The Sefer Hachinuch teaches us that we create our identities by how we act in every situation: “It is after one’s action that one’s heart is pulled” (Mitzvah 16 and 40). What do we do when we wake up in a sopping wet tent? How do we move on after one of our boots falls off the edge of a cliff? When you keep going despite all the obstacles in your way, you discover who you really are. When you bandage up your aching feet at the end of the day and keep climbing, when you tape up your broken sandals because you’ve lost your boots and don’t look back, you get in touch with the deepest part of yourself.

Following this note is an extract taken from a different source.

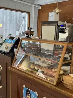 This cafe features a warm, wood-toned interior and a bright, sunny atmosphere.✨
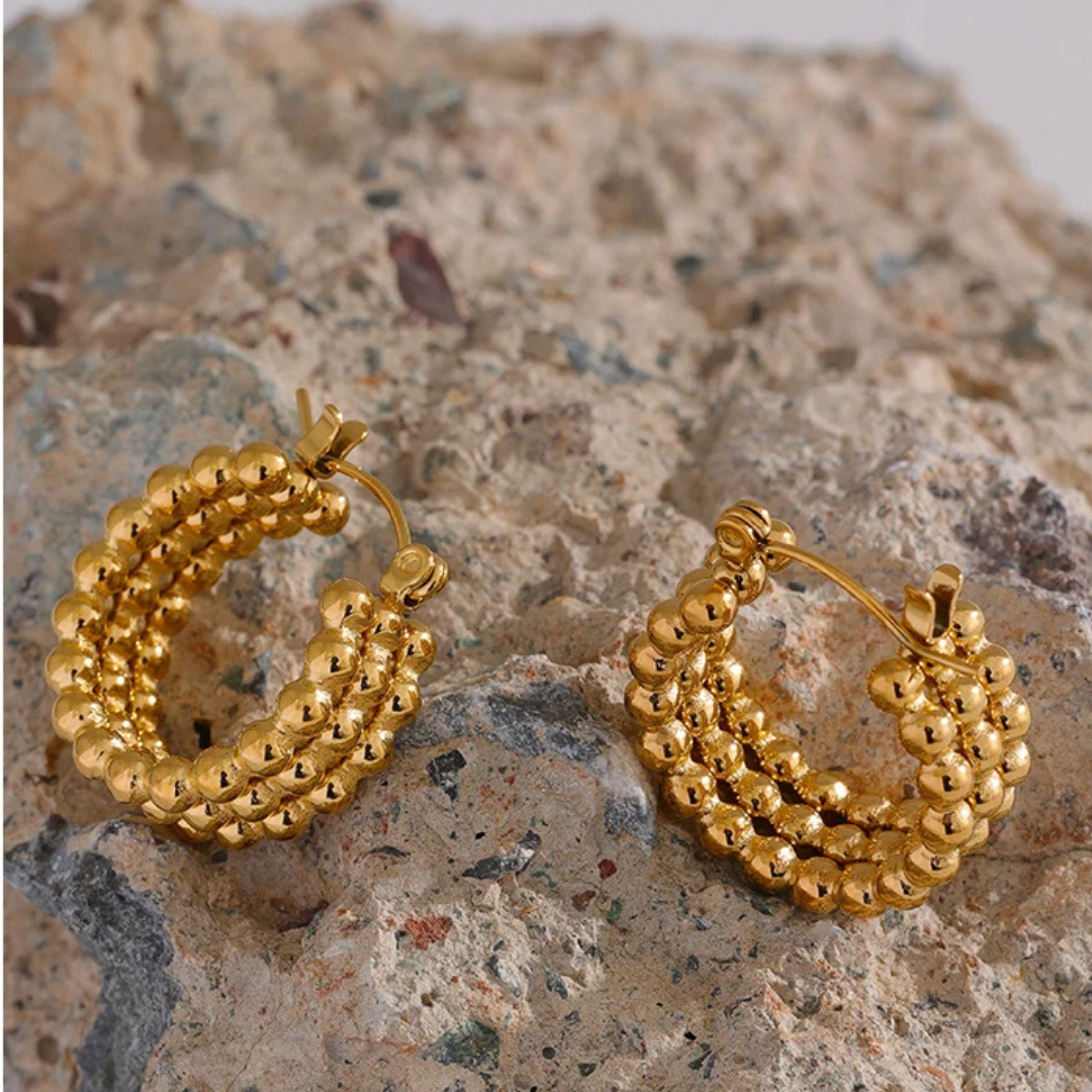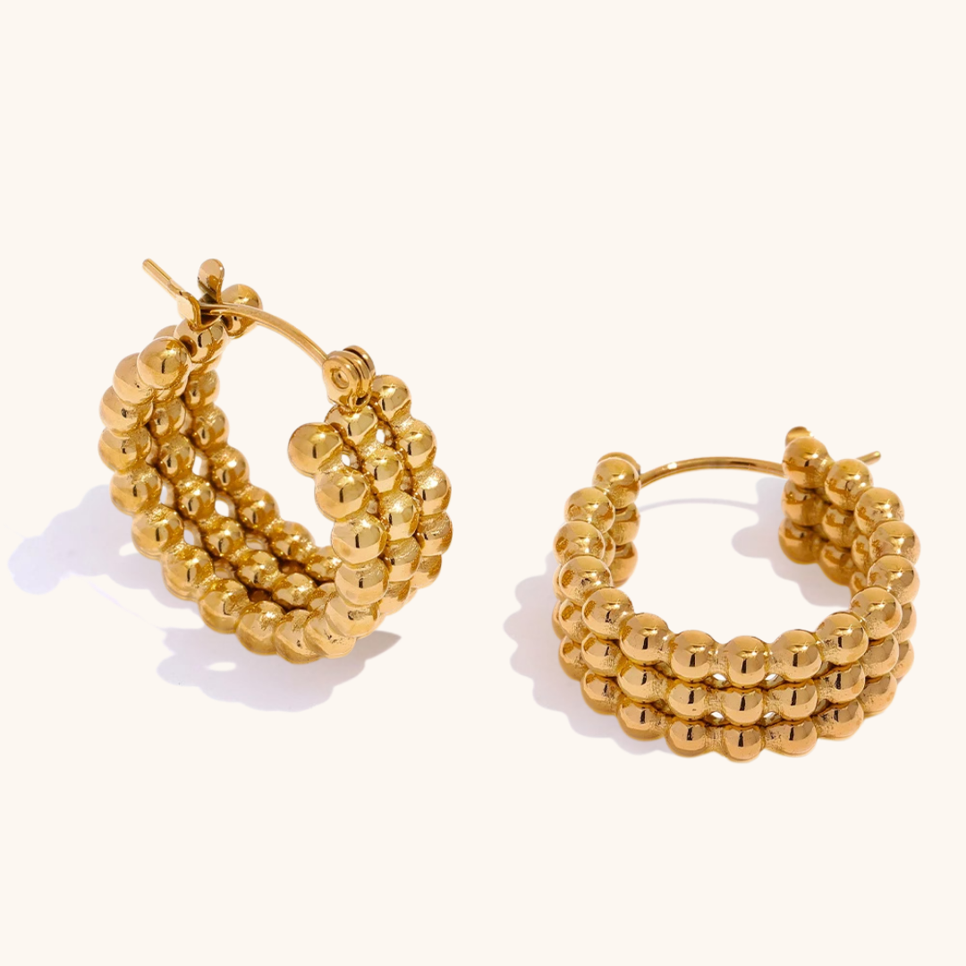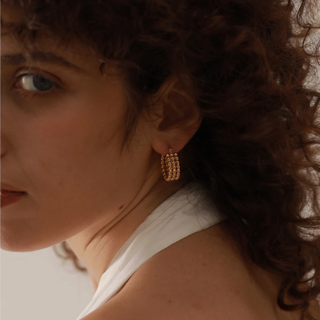 Ein verspieltes und zugleich elegantes Paar Creolen, mit übereinanderliegenden Perlensträngen für eine markante Textur. Ihr leichtes Tragegefühl und die glatte Politur machen sie zur idealen Wahl für mühelosen Alltagsstil.

How can we live this way in our own lives? How do we move beyond ourselves and create authentic identities? Here are four essentials for self -discovery:

1. Awe. Nature teaches us awe. The majesty of the mountains, the multitude of creatures both below our footsteps and above our heads. The glittering lakes and light drenched sky. When the world awakens within us this sense of wonder, we begin to sense that there is something within us too that is more vast and more beautiful than we once knew. That there is far more to us than what is on the surface. The awesome depth of the world reflects back to us the infinite greatness within our souls.

2. Forgiveness. It is hard to forgive someone for hurting us. But it is even harder for us to forgive ourselves – for mistakes that we made, the opportunities we let go and for relationships that we lost. For the children we were and for the adults that we have become. We cannot know ourselves without moving past the surface of our regrets. We need to forgive ourselves for being afraid, for feeling stuck, for thinking What have I gotten myself into? Focus instead on what now? See your mistakes as experiences that made you stronger and helped bring you to this point in your journey.

3. Grit. Keep going. There is a way through. Rebbeztin Tzipora Heller teaches us that the challenges we are given in life are tools from our Creator. “All people come into this world to become great human beings. Therefore, the Creator provides them the exact number and type of challenges necessary to develop that greatness.” (Rebbetzin Tziporah Heller, Let’s Face It, p. 12) The obstacle in your way is tailor made for you. The climb builds our muscles. Who we become by sticking with the trail is far more important than reaching the end.

4. Potential. Appreciate the greatness of who you can become. Just like there is no insignificant word or action, there is no insignificant person. You are here to change the world. There is no one else like you. You are loved and treasured by Your Creator who expects you to live up to the extraordinary possibilities embedded within you.

The trail is not always marked. And we won’t ever know all there is to know about the world or ourselves. But at the very least we will know that we are moving forward, that we are still searching, still climbing, and still discovering who we can become.